Vol sec Ouzbékistan
Vol sec Ouzbékistan
Subdivisions
La capitale nationale, Tachkent, en plus d'être le siège de son viloyat, est également, administrativement, une ville.
Population
L'Ouzbékistan est le pays d'Asie centrale le plus peuplé (près de 26 millions d'habitants). Les Ouzbeks ethniques, peuple de langue turque, constituent officiellement près de 80 % de la population. Les russes ethniques représentent la minorité la plus importante avec 6 % (en constante diminution depuis le milieu des années 80). Les autres minorités sont constituées par les Tadjiks 5,5 %, les Kazakhs 4 %, les Tatars 4 %, les Karakalpaks 1,9 %, les Coréens 1,1 %, ainsi que les Kirghizes et les Turcs meskhètes. L'essentiel de la minorité russe vit à Tachkent et dans les autres centres industriels. Les Tadjiks sont concentrés dans les cités historiques de Boukhara et Samarcande. Les Karakalpaks résident principalement dans la république autonome du Karakalpakistan. Cependant, divers rapports (notamment de spécialistes basés aux États-Unis et en Europe) affirment que la minorité Tadjike est beaucoup plus présente en Ouzbékistan que cela n'est officiellement admis.
La langue officielle du pays est l'ouzbek, parlée par 17 millions de personnes dans le pays (65,6 % de la population). Le russe, principalement à Tachkent et dans les grandes villes, reste une langue importante de communication. Les langues tadjike et karakalpake sont également largement utilisées localement.
La religion musulmane (de rite sunnite) est majoritaire (près de 90 % de la population) en Ouzbékistan. Les autres religions représentées sont l'orthodoxie (9 %), le judaïsme, le luthérianisme, le catholicisme et l'église baptiste. Le pays est officiellement laïc.
37% de la population ouzbek vit dans les villes, 63% à la campagne.

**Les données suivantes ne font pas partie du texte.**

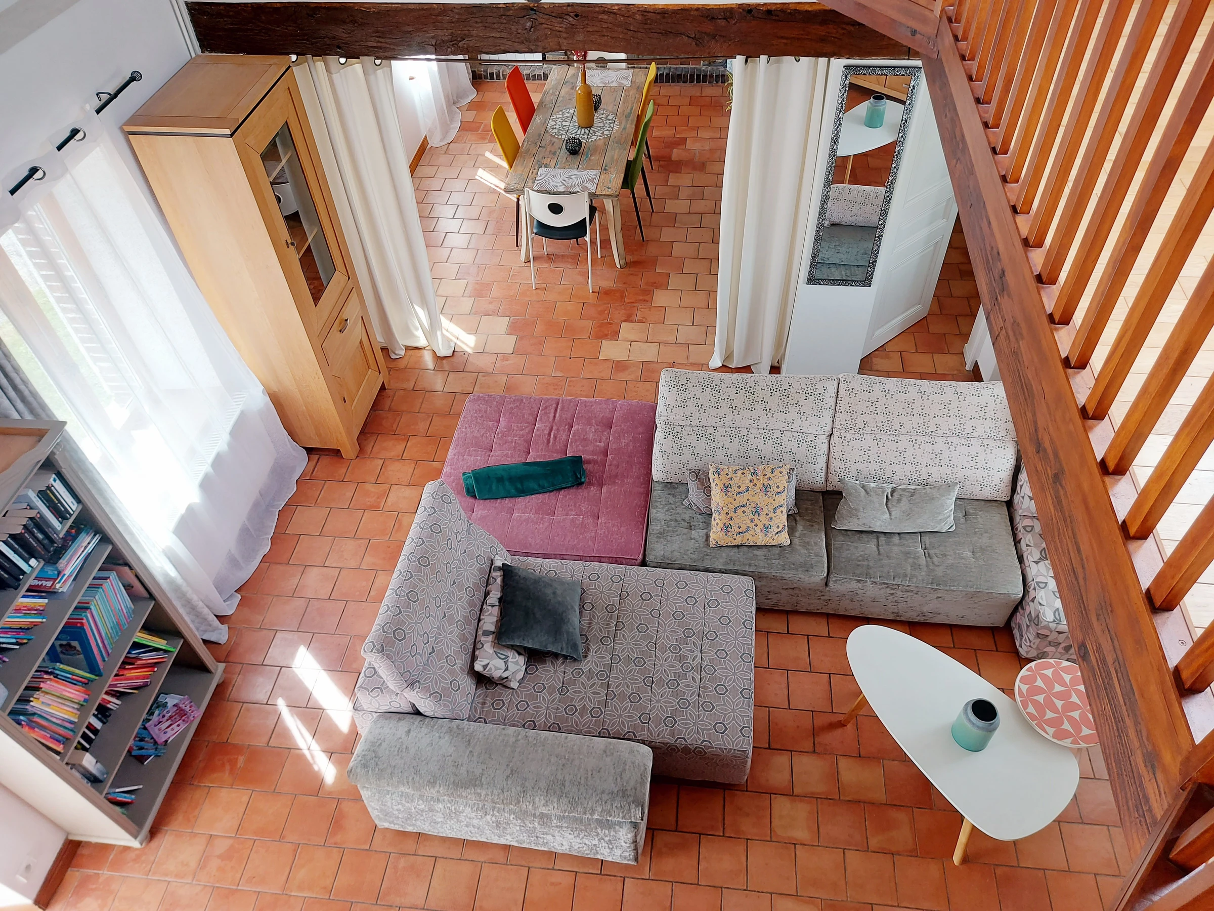 Cette longère est composée d'une belle pièce à vivre avec un poêle à bois, où vous pourrez vous y retrouver pour partager des moments conviviaux.

Elle est essentiellement jeune, la population en âge de travailler représente seulement 54% du total (plus 7% de retraités).
Économie
L'Ouzbékistan est un pays agro-industriel. 38% de la population active est occupée dans l'agriculture majoritairement irriguée (cultures du coton, des fruits, des primeurs, du riz, de la luzerne, des vignes ou encore des céréales fourragères, élevage ovin et bovin et sériciculture).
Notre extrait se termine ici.